_Work task_:
Return the records word for word. Any pictures in them are not part of the copy.

--- Data excerpts ---

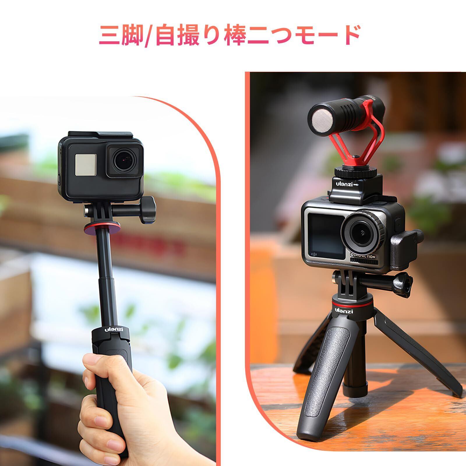 Ulanzi 自撮り棒 GoPro用 セルカ棒 3段伸縮 3way自撮り棒 伸縮一脚 三脚 ゴープロ用 DJI OSMO ACTION/OSMO POCKET用 アクションカメラ vlog アクセサリー
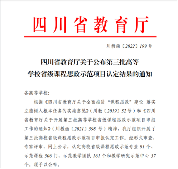 3、2022年,《广播电视节目形态研究》获批“四川省‘课程思政’示范课程”
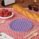 Dark Indigo und Blass Violet Checkerboard Pappteller
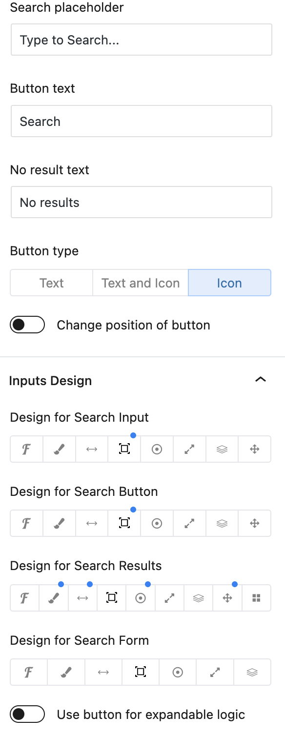 Search block has separate design options for search input, button and form. You can combine them to make unique look.
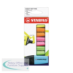 Stabilo Boss Mini Highlighters Card Wallet Assorted (Pack of 5) 07/5-2-01. Line Width: 2-5mm. Wedge tip draws broad and fine lines for highlighting and underlining. Stabilo Anti-dry out ink technology for up to 4 hours cap off time.
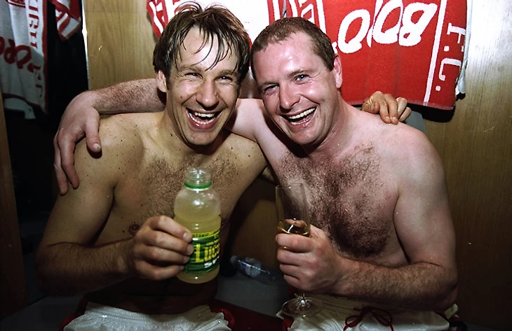 «Мы с Боулди открыли пиво в раздевалке еще до того, как пошли в душ, – вспоминал Мерсон в своей книге How Not to Be a Professional Footballer. – Мы продолжили квасить в автобусе по дороге домой, до утра сидели в ночном клубе, в воскресенье был чемпионский парад на автобусе с открытым верхом, но он у меня, как в тумане. Следующее, что я помню – утро вторника, я не мог найти ключ от дома и разбудил всю улицу».
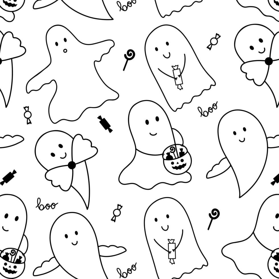 a pattern from a set of ghosts drawn with a thin line on a white background. Vector Pro Vector
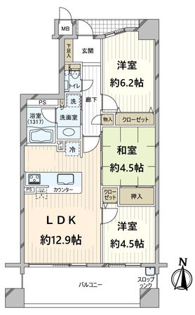 3LDK / 63.38㎡ / 2005年02月築 / 6階
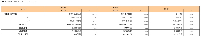 회사는 "국내 등 일부 지역 판매 감소와 RV 주력 모델 노후화로 인해 매출액은 소폭 줄어들었으나 판매단가 상승, 북미 수익성 개선 및 통상임금 소송 충당금 환입 등에 따른 매출원가 감소로 영업이익은 크게 늘었다"고 설명했다.
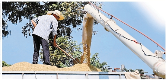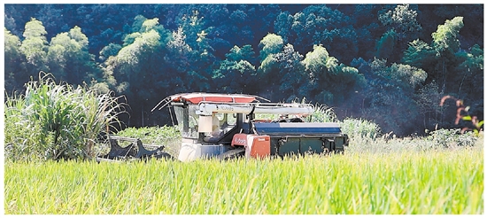 机械化作业大大提升了收割效率。三台收割机日均作业面积超过100亩,截至目前已完成200多亩的收割任务。“从目前情况看,今年亩产约600多公斤,比去年提高100多公斤,属丰收年景。”李炜斌分析,产量提升主要得益于今年天气适宜、雨水充足。
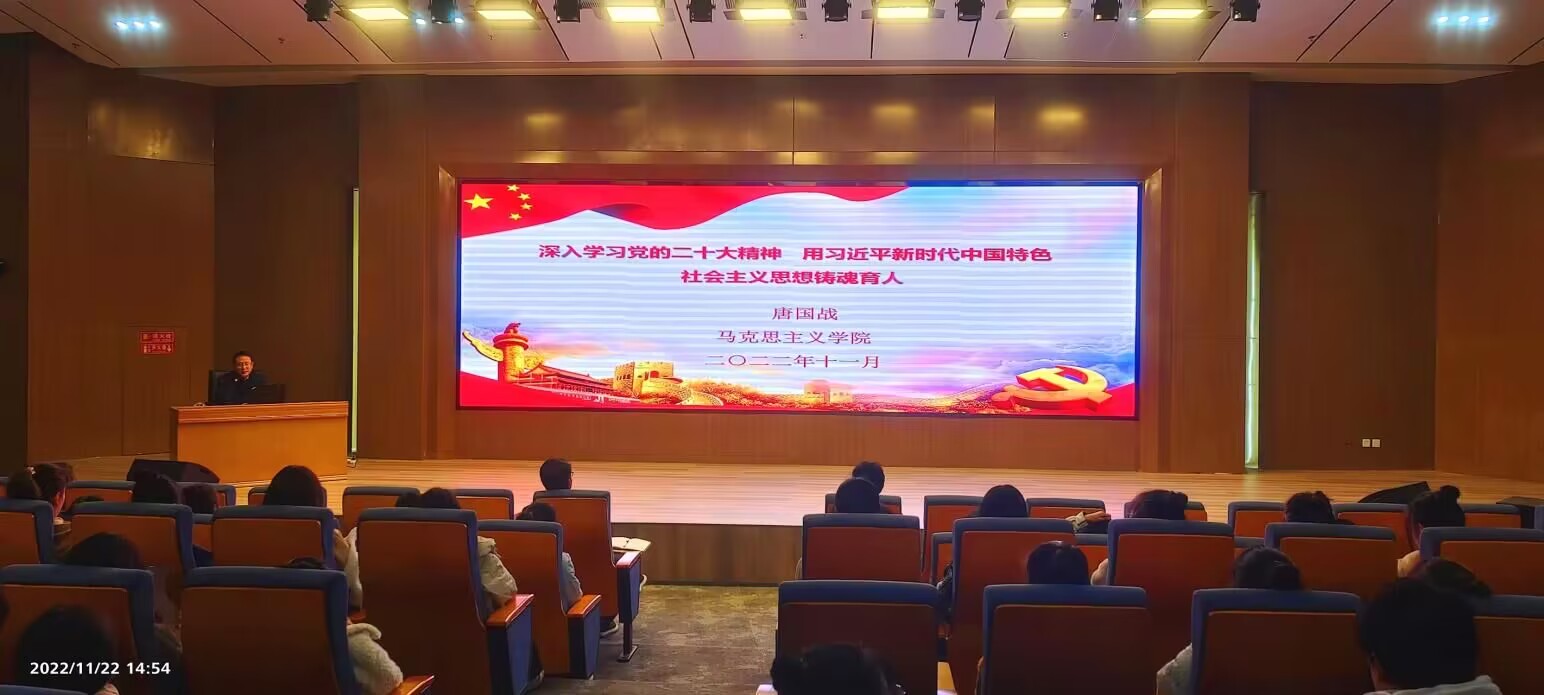 11月22日,XCSport经理、公司河南省高校思想政治理论课“名师工作室”负责人唐国战教授应邀在淮河校区图书馆第三报告厅作题为“深入学习党的二十大精神,用习近平新时代中国特色社会主义思想铸魂育人”的辅导报告。淮河校区党工委师生代表100余人听取了报告,郭寻主持报告会。

---

_Task answer_:
 Ulanzi 自撮り棒 GoPro用 セルカ棒 3段伸縮 3way自撮り棒 伸縮一脚 三脚 ゴープロ用 DJI OSMO ACTION/OSMO POCKET用 アクションカメラ vlog アクセサリー
 3、2022年,《广播电视节目形态研究》获批“四川省‘课程思政’示范课程”
 Dark Indigo und Blass Violet Checkerboard Pappteller
 Search block has separate design options for search input, button and form. You can combine them to make unique look.
 Stabilo Boss Mini Highlighters Card Wallet Assorted (Pack of 5) 07/5-2-01. Line Width: 2-5mm. Wedge tip draws broad and fine lines for highlighting and underlining. Stabilo Anti-dry out ink technology for up to 4 hours cap off time.
 «Мы с Боулди открыли пиво в раздевалке еще до того, как пошли в душ, – вспоминал Мерсон в своей книге How Not to Be a Professional Footballer. – Мы продолжили квасить в автобусе по дороге домой, до утра сидели в ночном клубе, в воскресенье был чемпионский парад на автобусе с открытым верхом, но он у меня, как в тумане. Следующее, что я помню – утро вторника, я не мог найти ключ от дома и разбудил всю улицу».
 a pattern from a set of ghosts drawn with a thin line on a white background. Vector Pro Vector
 3LDK / 63.38㎡ / 2005年02月築 / 6階
 회사는 "국내 등 일부 지역 판매 감소와 RV 주력 모델 노후화로 인해 매출액은 소폭 줄어들었으나 판매단가 상승, 북미 수익성 개선 및 통상임금 소송 충당금 환입 등에 따른 매출원가 감소로 영업이익은 크게 늘었다"고 설명했다.
 机械化作业大大提升了收割效率。三台收割机日均作业面积超过100亩,截至目前已完成200多亩的收割任务。“从目前情况看,今年亩产约600多公斤,比去年提高100多公斤,属丰收年景。”李炜斌分析,产量提升主要得益于今年天气适宜、雨水充足。
 11月22日,XCSport经理、公司河南省高校思想政治理论课“名师工作室”负责人唐国战教授应邀在淮河校区图书馆第三报告厅作题为“深入学习党的二十大精神,用习近平新时代中国特色社会主义思想铸魂育人”的辅导报告。淮河校区党工委师生代表100余人听取了报告,郭寻主持报告会。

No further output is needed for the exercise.